Output all of the data below without changing a word, and exclude the pictures.

Recorded information Block Start

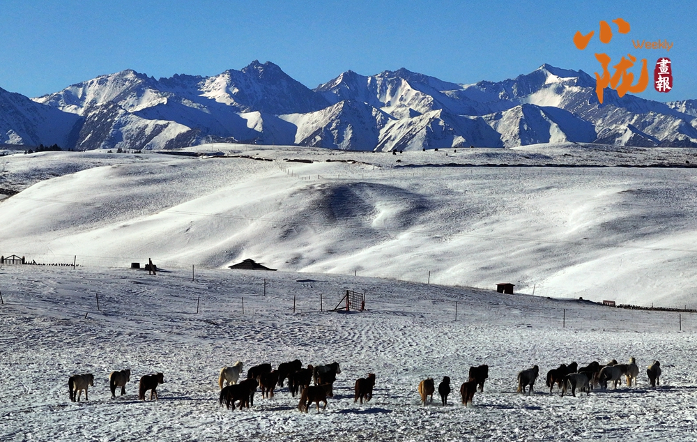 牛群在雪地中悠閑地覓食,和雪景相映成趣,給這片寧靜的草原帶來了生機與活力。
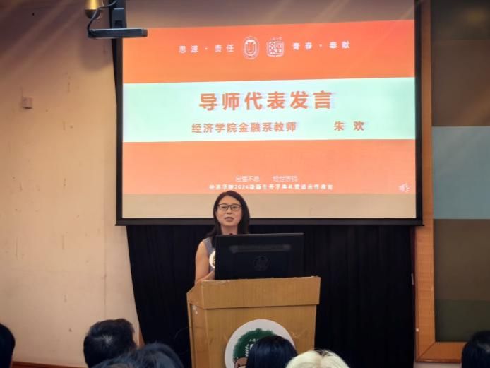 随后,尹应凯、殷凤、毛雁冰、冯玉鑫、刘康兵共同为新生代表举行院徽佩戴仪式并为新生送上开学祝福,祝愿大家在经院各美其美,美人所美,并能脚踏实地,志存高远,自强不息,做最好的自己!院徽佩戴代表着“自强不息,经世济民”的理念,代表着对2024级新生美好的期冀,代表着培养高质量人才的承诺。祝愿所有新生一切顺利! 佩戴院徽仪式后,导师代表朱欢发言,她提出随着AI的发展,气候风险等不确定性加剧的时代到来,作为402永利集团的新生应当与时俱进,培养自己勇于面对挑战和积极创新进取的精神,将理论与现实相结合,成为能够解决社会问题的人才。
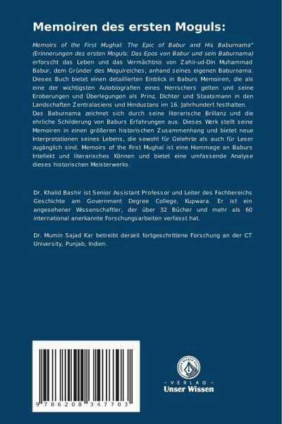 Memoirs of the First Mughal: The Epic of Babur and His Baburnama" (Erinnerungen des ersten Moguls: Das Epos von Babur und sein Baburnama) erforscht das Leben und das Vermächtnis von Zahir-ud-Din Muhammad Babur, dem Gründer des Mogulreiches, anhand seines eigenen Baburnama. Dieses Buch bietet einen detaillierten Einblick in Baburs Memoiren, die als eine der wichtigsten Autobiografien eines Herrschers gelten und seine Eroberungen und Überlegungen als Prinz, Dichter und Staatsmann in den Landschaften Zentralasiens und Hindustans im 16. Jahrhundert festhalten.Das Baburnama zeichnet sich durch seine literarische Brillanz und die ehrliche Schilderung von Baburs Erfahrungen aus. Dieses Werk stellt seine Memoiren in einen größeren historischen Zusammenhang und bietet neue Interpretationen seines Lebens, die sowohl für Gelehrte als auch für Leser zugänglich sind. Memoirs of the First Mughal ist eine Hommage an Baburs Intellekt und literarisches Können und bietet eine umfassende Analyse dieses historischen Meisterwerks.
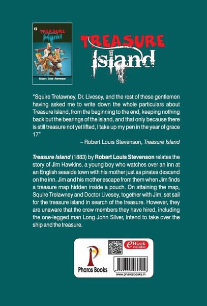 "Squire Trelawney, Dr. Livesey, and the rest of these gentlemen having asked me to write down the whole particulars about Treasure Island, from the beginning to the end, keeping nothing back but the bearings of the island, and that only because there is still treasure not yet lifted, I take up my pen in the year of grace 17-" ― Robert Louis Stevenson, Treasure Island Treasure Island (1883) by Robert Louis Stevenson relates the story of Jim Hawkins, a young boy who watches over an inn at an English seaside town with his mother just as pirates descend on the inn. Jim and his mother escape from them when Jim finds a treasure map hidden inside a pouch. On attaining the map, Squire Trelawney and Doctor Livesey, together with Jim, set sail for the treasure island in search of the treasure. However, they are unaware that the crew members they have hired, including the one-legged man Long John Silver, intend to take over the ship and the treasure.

Recorded information Block End

## [Result for this exercise]
 牛群在雪地中悠閑地覓食,和雪景相映成趣,給這片寧靜的草原帶來了生機與活力。
 随后,尹应凯、殷凤、毛雁冰、冯玉鑫、刘康兵共同为新生代表举行院徽佩戴仪式并为新生送上开学祝福,祝愿大家在经院各美其美,美人所美,并能脚踏实地,志存高远,自强不息,做最好的自己!院徽佩戴代表着“自强不息,经世济民”的理念,代表着对2024级新生美好的期冀,代表着培养高质量人才的承诺。祝愿所有新生一切顺利! 佩戴院徽仪式后,导师代表朱欢发言,她提出随着AI的发展,气候风险等不确定性加剧的时代到来,作为402永利集团的新生应当与时俱进,培养自己勇于面对挑战和积极创新进取的精神,将理论与现实相结合,成为能够解决社会问题的人才。
 Memoirs of the First Mughal: The Epic of Babur and His Baburnama" (Erinnerungen des ersten Moguls: Das Epos von Babur und sein Baburnama) erforscht das Leben und das Vermächtnis von Zahir-ud-Din Muhammad Babur, dem Gründer des Mogulreiches, anhand seines eigenen Baburnama. Dieses Buch bietet einen detaillierten Einblick in Baburs Memoiren, die als eine der wichtigsten Autobiografien eines Herrschers gelten und seine Eroberungen und Überlegungen als Prinz, Dichter und Staatsmann in den Landschaften Zentralasiens und Hindustans im 16. Jahrhundert festhalten.Das Baburnama zeichnet sich durch seine literarische Brillanz und die ehrliche Schilderung von Baburs Erfahrungen aus. Dieses Werk stellt seine Memoiren in einen größeren historischen Zusammenhang und bietet neue Interpretationen seines Lebens, die sowohl für Gelehrte als auch für Leser zugänglich sind. Memoirs of the First Mughal ist eine Hommage an Baburs Intellekt und literarisches Können und bietet eine umfassende Analyse dieses historischen Meisterwerks.
 "Squire Trelawney, Dr. Livesey, and the rest of these gentlemen having asked me to write down the whole particulars about Treasure Island, from the beginning to the end, keeping nothing back but the bearings of the island, and that only because there is still treasure not yet lifted, I take up my pen in the year of grace 17-" ― Robert Louis Stevenson, Treasure Island Treasure Island (1883) by Robert Louis Stevenson relates the story of Jim Hawkins, a young boy who watches over an inn at an English seaside town with his mother just as pirates descend on the inn. Jim and his mother escape from them when Jim finds a treasure map hidden inside a pouch. On attaining the map, Squire Trelawney and Doctor Livesey, together with Jim, set sail for the treasure island in search of the treasure. However, they are unaware that the crew members they have hired, including the one-legged man Long John Silver, intend to take over the ship and the treasure.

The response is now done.